The problem arises that people with warrants will possibly not seek shelter and may die because of that. Warrants can be for things as minor as traffic offenses.
“Why would someone let a traffic offense go to warrant?” you ask.
Most minor warrants involve fines not paid or small stints in County. For many of these people missing that much work can cost them everything: Their place to live, food, their job. So, they take their chances, and opt for survival over paying their dues.
This is just a hard cold reality of a large portion of our population.

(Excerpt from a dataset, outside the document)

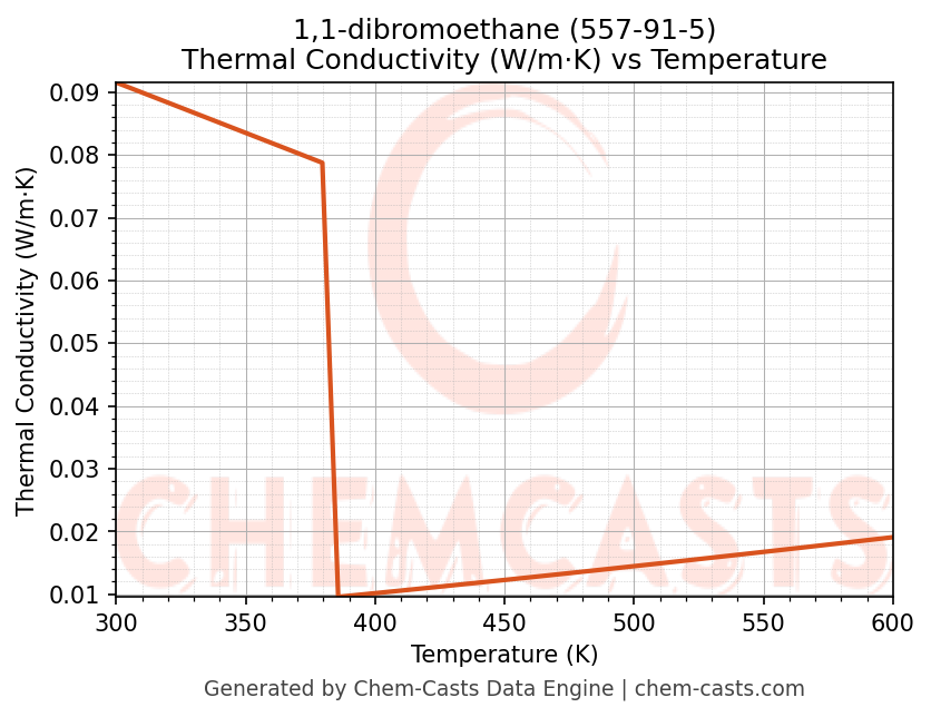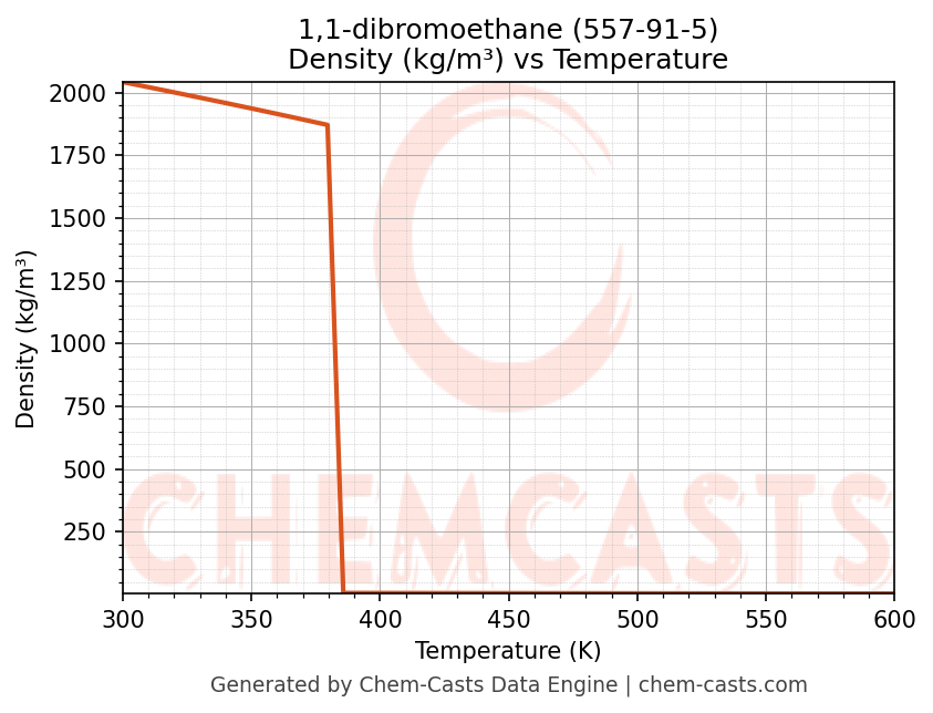 This page presents the temperature-dependent thermodynamic and transport properties of 1,1-dibromoethane (CAS 557-91-5) calculated at a constant pressure of 1 atm (101325 Pa) over the temperature range 250-500 K.

Next: That they will be checking I.D.s at the door. Now you’re getting into Fourth Amendment, Police State territory. This is no different than setting up random check points on the street and demanding identification from everyone who wants to pass, simply in the hope you’re going to find someone who has a warrant. There is no probable cause, and no exigent circumstance.
There is no exigent circumstance in the shelter scenario, either. There is no urgent circumstance or condition that someone having a warrant being allowed into the shelter would create. This is simply trolling. The assertion the Sheriff made, that they would be able to make the shelters safe because this would enable them to turn away sex offenders fails the test, since sex offenders don’t necessarily have warrants. The majority of them generally don’t, since a high percentage of them are on parole, and that would violate them, and they’d be back inside in a flash.

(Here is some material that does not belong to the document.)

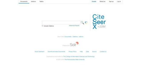CiteSeerX采用机器自动识别技术搜集网上以Postscrip和PDF文件格式存在的学术论文,然后依照引文索引方法标引和链接每一篇文章。CiteSeerX旨在有效地组织网上文献,多角度促进学术文献的传播与反馈。目前,CiteSeerX存储的文献全文达138万多篇,引文2674万多条,内容主要涉及计算机和信息科学领域,主题包括智能代理、人工智能、硬件、软件工程、操作系统等。

And before you say it: In the articles I read this morning, no mention was made in any of them by the Sheriff of using the Sex Offender Registry. And even if they did, unless they can provide a non custodial alternate safe place, they legally would not be able to refuse them entry.

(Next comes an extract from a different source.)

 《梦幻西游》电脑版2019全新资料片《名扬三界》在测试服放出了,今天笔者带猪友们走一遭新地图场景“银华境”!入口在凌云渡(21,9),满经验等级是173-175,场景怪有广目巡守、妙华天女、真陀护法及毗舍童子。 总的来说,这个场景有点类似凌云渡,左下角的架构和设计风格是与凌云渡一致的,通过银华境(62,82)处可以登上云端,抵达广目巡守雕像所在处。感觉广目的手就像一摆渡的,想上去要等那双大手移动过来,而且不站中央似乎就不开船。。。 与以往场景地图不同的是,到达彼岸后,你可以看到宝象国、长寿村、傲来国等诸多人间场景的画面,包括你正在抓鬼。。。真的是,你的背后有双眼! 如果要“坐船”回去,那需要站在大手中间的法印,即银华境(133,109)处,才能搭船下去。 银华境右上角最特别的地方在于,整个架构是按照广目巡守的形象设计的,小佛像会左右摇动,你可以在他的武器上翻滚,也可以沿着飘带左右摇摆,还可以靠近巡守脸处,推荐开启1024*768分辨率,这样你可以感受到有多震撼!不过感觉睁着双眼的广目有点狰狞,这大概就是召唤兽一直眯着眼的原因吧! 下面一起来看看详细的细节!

The bottom line is this: No one deserves to die because they have a warrant for arrest. And there are people who, not only will not come, themselves, but their families will choose to stay with them. These are human beings: Flawed, yes. Some pretty bad, yes. But human beings, and now is not the time to sort it out. Not at the cost of lives.
And the unfettered assault on people’s Constitutional rights should never be tolerated, and someone sworn to uphold the laws of the land should be vigorously defending those rights.
This is just more Southern Justice, John Wayne cop bullshit.